Buy Albemarle — Albemarle -14.5% in one week; the Tianqi view could mark a turning point if EV and industrial demand converge.

$175.7 -2.57%
SQM

Buy SQM — SQM -12.6% in one week, similar to ALB; cheap at 14.8x fwd P/E if lithium prices rebound.

$82.66 -1.90%

Carvana New-Car

Carvana's expansion into new-car sales has traditional dealers rattled, according to a WSJ report.

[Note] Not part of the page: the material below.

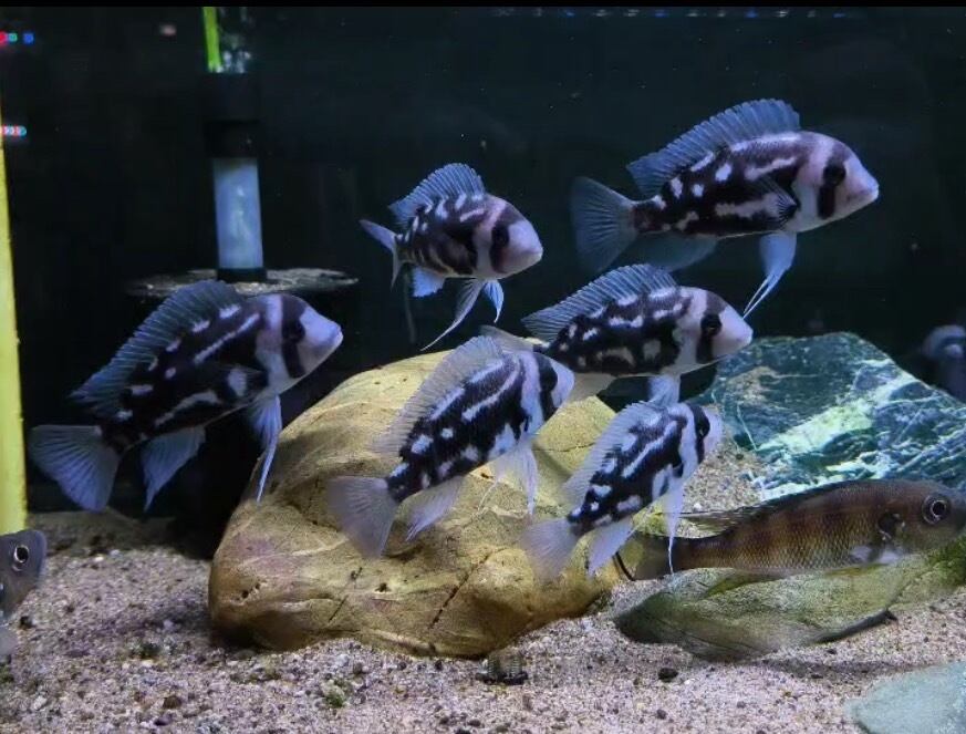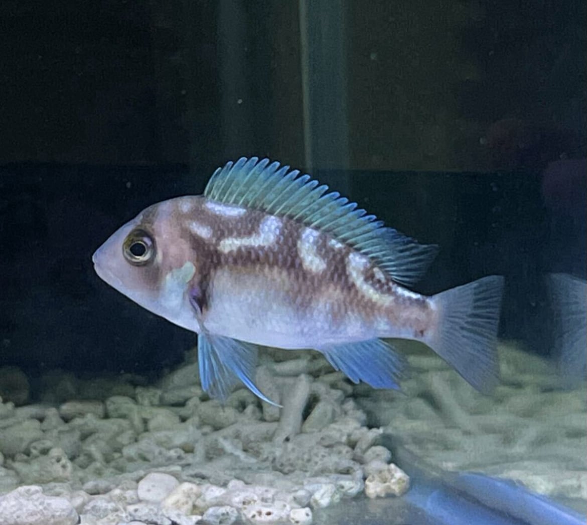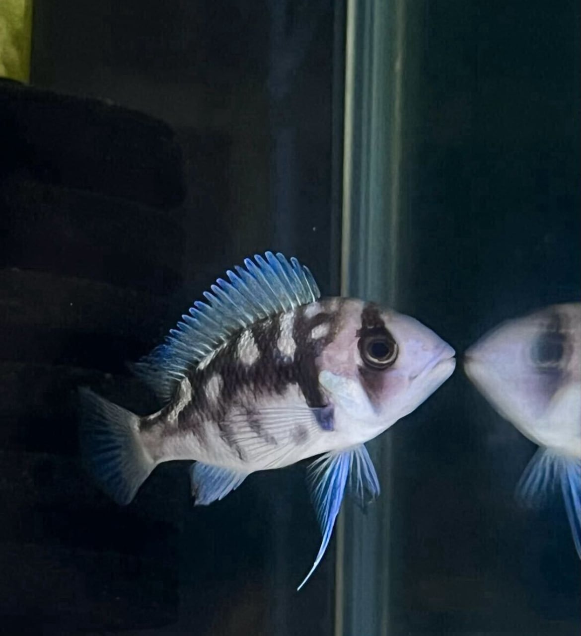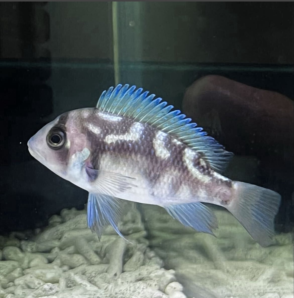 アフリカ・タンガニィカ湖に生息する人気シクリッド「フロントーサ」。 ナイトスターは、通常のフロントーサが持つ白と黒の縦バンド模様が、非常に美しい変異個体です。その独特な模様は唯一無二で、水槽の中で幻想的な存在感を放ちます。 このナイトスターは、模様の表れ方が個体ごとに異なります。同じ模様を持つ個体は存在せず、まさに「世界に一匹だけのデザイン」。その希少性と芸術的な美しさから、国内外の愛好家・コレクターに非常に人気があります。 照明を浴びるたびに浮かび上がる星のような青く光る鱗は、見るたびに新しい表情を見せてくれます。力強くも優雅な泳ぎ、堂々としたその姿は、まさにアクアリウムの主役にふさわしい一匹です。 写真の通り、体側に美しいナイトスターの独特な模様がしっかりと入っており、輝くような仕上がりです。ここまで整った模様の個体は滅多に入荷しません。 あなただけの特別なフロントーサライフをお楽しみください。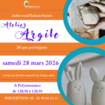 Nouvelle séance du Yoga du Rire samedi 21 mars 2026 pour se détendre les zygomatiques!!!! info et inscription: 02 98 86 13 11 Par polysonnance le 4 mars 2026 dans Dernières nouvelles, Famille 0 A decouvrirNouveauté à Polysonnance! Atelier Enfants/Parents tous les derniers samedis du mois autour de l’argile.Nouvelle séance du Yoga du Rire samedi 21 mars 2026 pour se détendre les zygomatiques!!!! info et inscription: 02 98 86 13 11Programme des sorties conviviales (adultes et mineurs accompagnés) pour le mois de mars 2026

The move could open a much larger addressable market for the online retailer, but CVNA is already volatile, down 17.5% YTD. Traditional dealers like AutoNation trade at single-digit P/Es but are near 52-week lows, and the disruption thesis may already be priced in.

KMX

Sell CarMax — Carvana's move intensifies pressure on dealers; CarMax at 0.89x P/B seems cheap but faces secular headwinds.

$37.05 +0.32%
AN

Sell AutoNation — AutoNation at 7.5x fwd P/E but only 3% above 52-week low — the market already smells disruption.

$181.9 -1.20%
CVNA

Watch Carvana — New-car sales expansion is a bold but unproven pivot; CVNA's 31.4x fwd P/E and high beta make it a binary watch.

$66.02 -1.71%

Japan-Korea Oil Reserve

South Korea plans to join Japan's joint oil reserve programme, a historic energy security pact between the two countries. Nikkei Asia reports the move will be announced at a summit, potentially reducing North Asian reliance on China's SPR. EWY has surged 72% YTD, so the positive sentiment may already be reflected, but the geopolitical cooperation is a tailwind.

EWJ

Buy Japan equities — Japan ETF +11.8% YTD benefits from enhanced regional energy cooperation, though the direct impact is modest.

$90.92 -0.16%
EWY

Buy South Korea equities — South Korea ETF +72.3% YTD may have front-run the news; new money deserves lower conviction here.

$176.1 -1.54%

SEC Tokenization

Bloomberg reports the SEC is poised to propose a framework for tokenized stocks, potentially opening the door for Wall Street to adopt blockchain for equity settlement. This would be a major regulatory milestone, benefiting compliant exchanges and crypto infrastructure. COIN, down 20% YTD, could get a catalyst if traditional securities move on-chain.

COIN

Buy Coinbase — Coinbase, the leading US compliant exchange, stands to benefit from tokenized equity; at 37.6x fwd P/E and down 20% YTD, the risk/reward is improving on regulation.

$189.4 -3.07%
BTC-USD

Buy Bitcoin — Broader regulatory acceptance is bullish for bitcoin as a store of value, but the tokenization news is not directly a BTC catalyst.

ETH-USD

Buy Ethereum — Ethereum smart contracts likely underpin tokenization, but immediate impact is speculative.

AI Miner Bet

Ex-OpenAI researcher Leopold Aschenbrenner is shorting Nvidia and AMD and buying bitcoin miners to gain AI data centre exposure at a lower cost. CoinDesk reports the $13.6bn fund's view that chip valuations are stretched and miner infrastructure is underpriced. HIVE surged 28.6% last session on the news, while NVDA slipped 1.3% — the trade has already moved.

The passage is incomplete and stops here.